++++ Provided entries

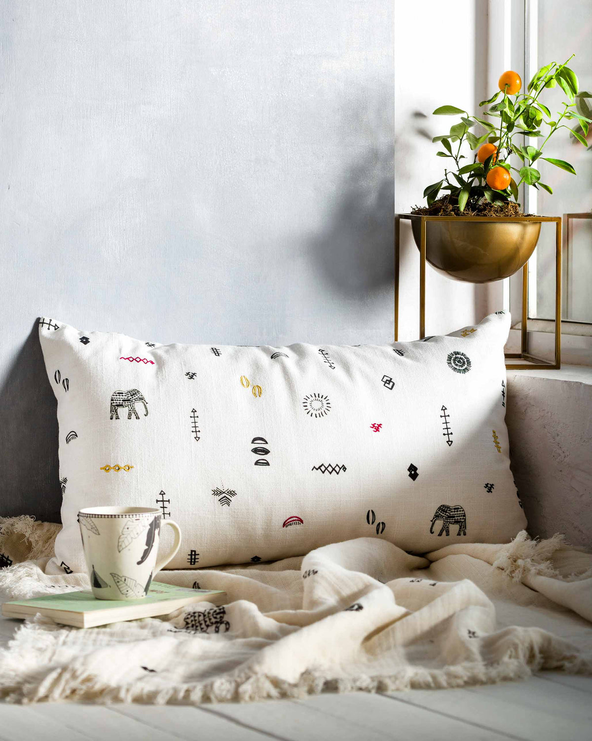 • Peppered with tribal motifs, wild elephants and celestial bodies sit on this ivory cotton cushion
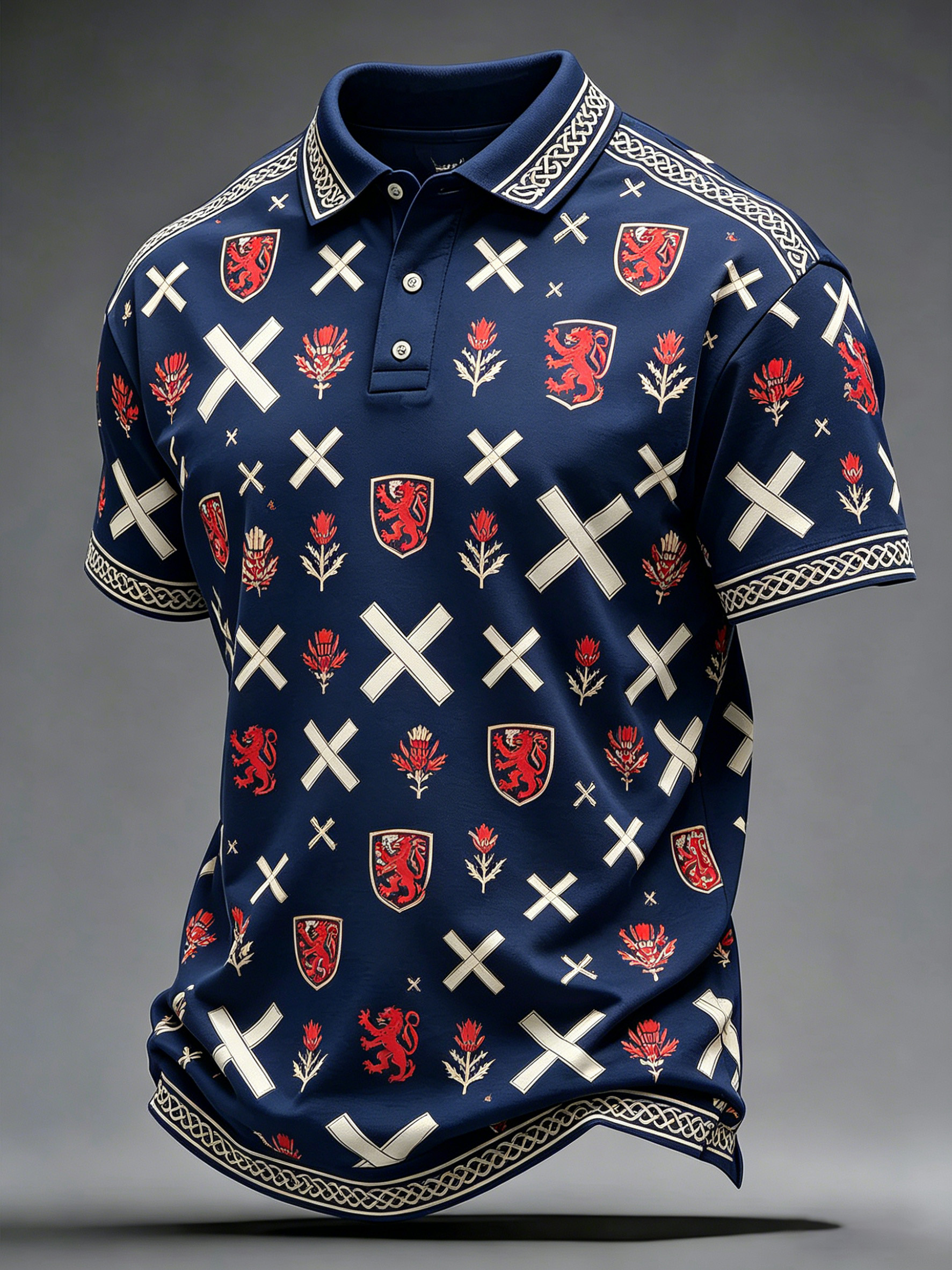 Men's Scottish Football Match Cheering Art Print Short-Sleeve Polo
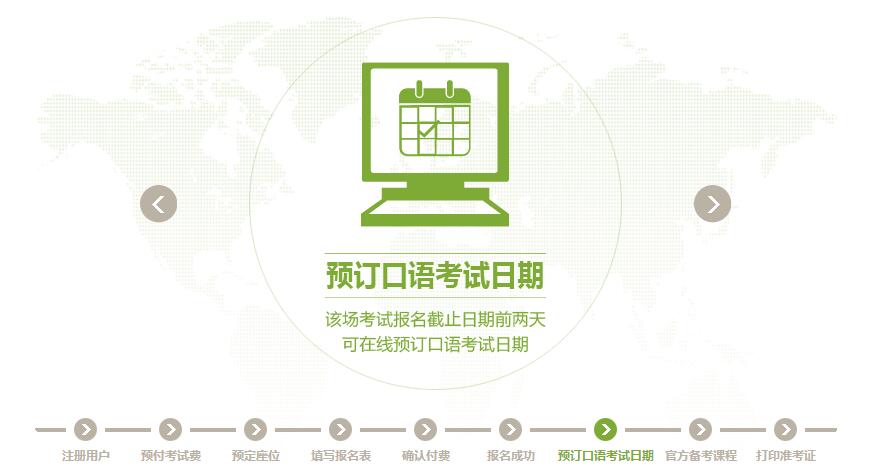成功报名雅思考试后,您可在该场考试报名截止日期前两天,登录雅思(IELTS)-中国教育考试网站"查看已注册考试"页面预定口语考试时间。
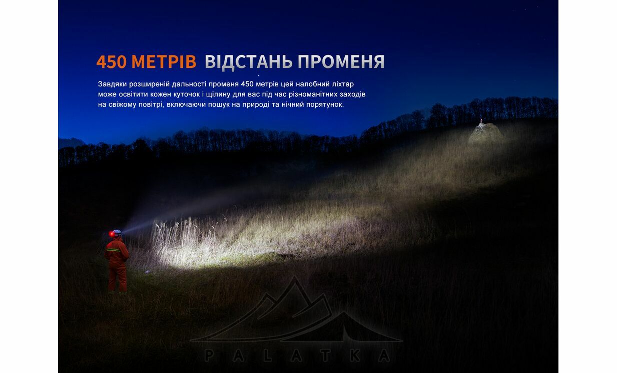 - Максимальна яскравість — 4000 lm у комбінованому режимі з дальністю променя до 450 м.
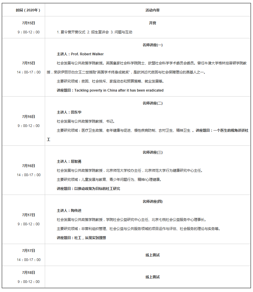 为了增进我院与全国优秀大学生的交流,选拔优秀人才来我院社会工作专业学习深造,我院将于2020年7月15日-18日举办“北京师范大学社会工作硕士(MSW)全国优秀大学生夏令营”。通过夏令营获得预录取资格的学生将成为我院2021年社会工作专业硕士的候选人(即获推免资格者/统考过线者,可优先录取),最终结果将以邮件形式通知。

++++++++

## Activity
Your answer must be an exact copy of the records, minus any pictures.

## Answer to this problem
 • Peppered with tribal motifs, wild elephants and celestial bodies sit on this ivory cotton cushion
 Men's Scottish Football Match Cheering Art Print Short-Sleeve Polo
成功报名雅思考试后,您可在该场考试报名截止日期前两天,登录雅思(IELTS)-中国教育考试网站"查看已注册考试"页面预定口语考试时间。
 - Максимальна яскравість — 4000 lm у комбінованому режимі з дальністю променя до 450 м.
 为了增进我院与全国优秀大学生的交流,选拔优秀人才来我院社会工作专业学习深造,我院将于2020年7月15日-18日举办“北京师范大学社会工作硕士(MSW)全国优秀大学生夏令营”。通过夏令营获得预录取资格的学生将成为我院2021年社会工作专业硕士的候选人(即获推免资格者/统考过线者,可优先录取),最终结果将以邮件形式通知。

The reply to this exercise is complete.